Day 107, money money

Tuesday, 3/19/2019

Had the annual talk with the

Financial Advisors.

The firm is Sullivan and Serwitz, and for several years, we’ve met with only Bob Sullivan, but today his partner Marshall Serwitz sat in as well.

Bottom line, I’m financially fine. According to their conservative model, I can spend money at a generous annual rate (almost surely more than I’ll actually spend) and I still won’t be able to keep up with my principal’s growth, even at a conservative projected growth rate. So I will almost unavoidably die richer than I am now. Yay me; or rather, yay us, because it was the money we earned as DINKs, conserved by our naturally modest desires, that was the foundation.

As for what I had seen as a vexed question: In the event that C.H. offers a unit before the house is sold, how to finance the entry fee without incurring big capital gains and/or paying high interest? Not an issue at all! First, thanks to my being a recent widower, all of our investments have a new “basis” — not just the house, which is a huge benefit, but even the mutual funds that we bought into back in the 80s. So I can sell any amount of those shares, should I want to, and pay no capital gains. But, they pointed out, it would be equally simple to get a standard home loan through e.g. Quicken Loans, secured by the house. Almost surely at a lower rate than the 10% annual that C.H. offered.

Or, the advisors’ suggestion was to ignore C.H.’s timing; go ahead and sell the house as quickly as possible so as to have the liquid cash in hand whenever C.H. is ready to offer a unit. Well, that means moving twice, say I, like moving into another ILF with a monthly rate.

Not necessarily, they said. Look, you don’t want to keep much of your furniture anyway, right? True, I agree, about 5 or 6 pieces all told, and a few boxes worth of other stuff. OK, you put those in storage. Storage units are cheap. You pack your clothes and move into a long-stay hotel, or a vacation home rental. It would be cheaper than moving into any ILF.

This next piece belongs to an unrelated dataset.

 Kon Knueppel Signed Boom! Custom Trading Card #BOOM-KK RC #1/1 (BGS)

This turns out to be true. They referred me to “Vacation Rentals by Owner”, VRBO.com (the link is a search for Palo Alto at under $150/night) and there are lots of cottages and apartments I can rent for extended periods around $100/night, which comes to $3000/month, which is substantially less than any local month-to-month ILF; the difference being, no food service. OK, given a kitchen I can feed myself for not much, just as I do now.

So the picture they proposed is that I (1) move out to a rental, (2) take my time saving whatever possessions I want to keep into a storage unit, (3) sell the house, (4) wait comfortably for the unit I want. The local housing market is showing signs of turning down, they said, so the sooner you sell, the better.

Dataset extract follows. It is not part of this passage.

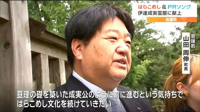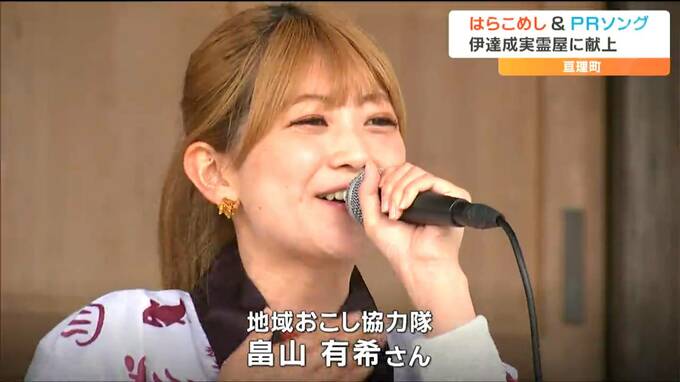続いて、地域おこし協力隊がはらこめしPRソングの歌詞カードを供えました。

I took all this under advisement. A critical time will come tomorrow at 11 when I sit down with Kim Krebs at C.H. and find out what the actual prospects are. If she says, you can have X unit next month, that’s one thing. If she waffles, indicates it may be weeks to months, then I may implement the advisors’ plan.

There were other points. The house and everything else is part of a family trust. With the death of one of the joint trustees, the trust documents need to be revised. They will set up an appointment with the attorney who drew up the trust, probably for May. So there will be that to do. Also I had to sign and notarize several documents related to changing the ownership of the various Schwab accounts to me as sole trustee.

From there I did some

errands:

Got the car washed, first time since it was waxed, poor thing. Bought some groceries (like, $30 worth, see above). Got some cash from the ATM. Then home to

throw out more

… I want to say shit, but that’s not fair. I cleaned up a couple of shelves of things, and most of the things on the shelves went into the black landfill box. There were collected CD-ROMs and manuals for software. Photoshop CS2? Really? (Current version is 7 or so.) Also two or three versions of Windows, which I ran (still can run) in a virtual machine on the Mac. I used to do that when I was maintaining an app that a few other people used, and I had to test new versions on Windows as well as Mac.

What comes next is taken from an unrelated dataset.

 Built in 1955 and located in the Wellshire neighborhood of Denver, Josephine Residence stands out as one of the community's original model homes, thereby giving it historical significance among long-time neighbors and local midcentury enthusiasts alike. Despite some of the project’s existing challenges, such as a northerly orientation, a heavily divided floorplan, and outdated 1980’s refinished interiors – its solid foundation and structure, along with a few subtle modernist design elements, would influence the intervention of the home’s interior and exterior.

Then more serious stuff: a fat binder which has all the historical receipts for house maintenance. This has been often used. When the hot water heater goes out, as it did a month ago, it’s handy to be able to look back and see who installed it. That’s where I could look up how much we paid to fumigate in 2005, but I disdain to do that. Anyway that has some value going forward, if only for the curiosity of a buyer.

Next to it was a fat binder that set me sniffling for the next half hour: Marian’s medical records. She kept every test result, every procedure, going back forever. Organized, with tabs for easy lookup. Anytime a doctor wanted to know, when did you have this or that, she could tell them, oh that was in ’93, or ’07 or whenever. So I looked at it and debated with myself. Under what possible circumstance could I ever imagine me or anyone else wanting to refer to this? None! For any reason? Certainly not for nostalgia’s sake; illnesses and medical procedures are not what I want to remember her by. And yet… it really hurt to put that in the trash. Another shard, falling away.

It’s 5:30; I’m going to feed myself and then watch something stupid on TV. Naked and Afraid should do it.